The focus of the drive, whose tag line is: Be Cash Clever — Don’t Overdo Debt, will be on “vulnerable members” of the public who are struggling to repay their debts, contemplating administration or are already under administration.
It comes at a time when evidence shows that lawyers and others operating within the rapidly growing and unregulated debt-administration industry are making a fortune, milking vulnerable debtors of millions of rands in legal, administration and other fees each year.
An administration order is a court ruling that places an individual in debt of up to R50 000 and who has no significant assets, under a temporary protection from claims by creditors. It enforces a repayment plan enabling the repayment of the debts and some money to live on.
Such orders aim to allow a structured process of rehabilitating the distressed debtors’ financial situation.
Alistair Ruiters, director-general of the Department of Trade and Industry, says the South African credit market (the micro credit market in particular) has become a zero-sum game, “almost a race to the bottom”.
Has this situation always been there, he asks before answering himself.
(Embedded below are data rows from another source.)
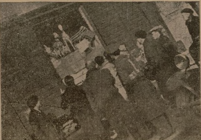
En la estación de Barcelona se procede a la entrega de las 140 toneladas de ropas, víveres, juguetes, etc., envió del Socorro Popular de Francia
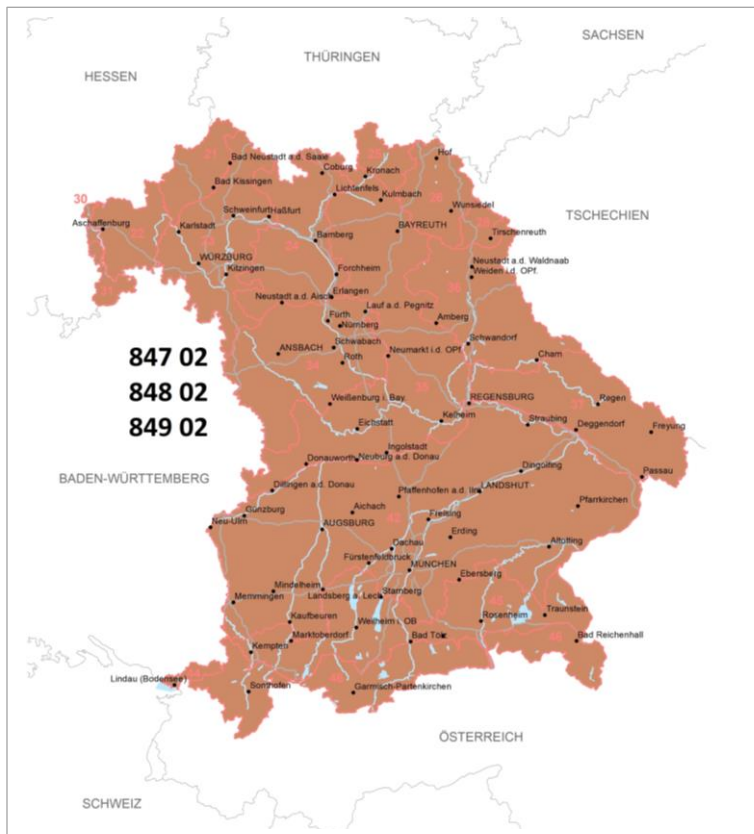
Herkunftsgebietskarte der Schwarzkiefer in Bayern (Karte: Daniel Glas, AWG)
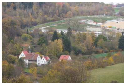
Ulm Tunnelbauarbeiten der Bahn nerven Anwohner im...
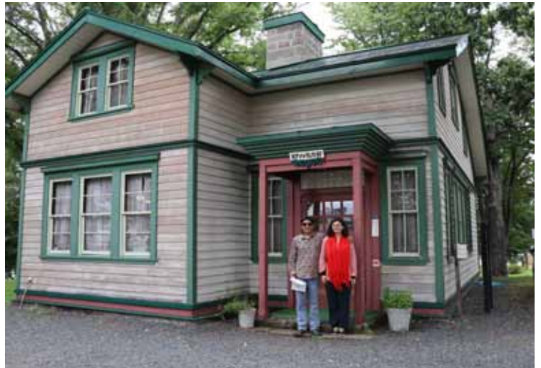
写真下／帯広市の老人クラブ連合会の皆様が、北見での全道大会の帰りに当記念館へ寄ってくださいました。ピアソン夫妻の十勝監獄伝道に興味津々。(9月29日)

“While elements have been present for most of the 1990s, the credit bubble since the early 1990s resulted in very high levels of unsecured credit extension to large numbers of low-income borrowers in the retail and personal finance sectors,” he says.
Cas Coovadia, general manager for transformation at the Banking Council of South Africa, says all lenders must take responsibility for the situation.
But he points out that since 2002 the number of administration orders applied for and granted by the courts has dropped from an estimated 6 000 to 8 000 a month to between 3 000 and 3 800 a month during the past year.
Coovadia says there are about 17 million “credit-active” people in South Africa, 85% of whom have no default judgments or administration orders against them.
Figures from TransUnion ITC, one of the country’s largest providers of consumer and business risk management information show that the remaining 15% is made up of about 650 000 debtors who are currently under administration with debts to the value of R2.5-billion to R3-billion.
Coovadia says the undesirable activities of debt administrators include a lack of tangible improvement in the level of customer service and accountability.
“[Also] there is continued commercial solicitation of applications; legal fees for applications are far in excess of justifiable costs; and administration fees are over the legally permitted 12.5% plus VAT, with the average illegally pitched at 22.5% or more.”
Ruiters says the campaign is the start of a process of empowering debt consumers to make informed choices in accessing and servicing their debts.
It also aims, he says, to enable those in the trap of over-borrowing to take appropriate steps to avoid exploitation in the process of rehabilitating themselves.
The campaign is being backed by the Department of Justice and Constitutional Development, the SA Law Reform Commission, Johannesburg Magistrate’s Courts, National Community-Based Paralegal Association, the Micro Finance Regulatory Council, Black Sash, the National Consumer Forum and the SA Post Office.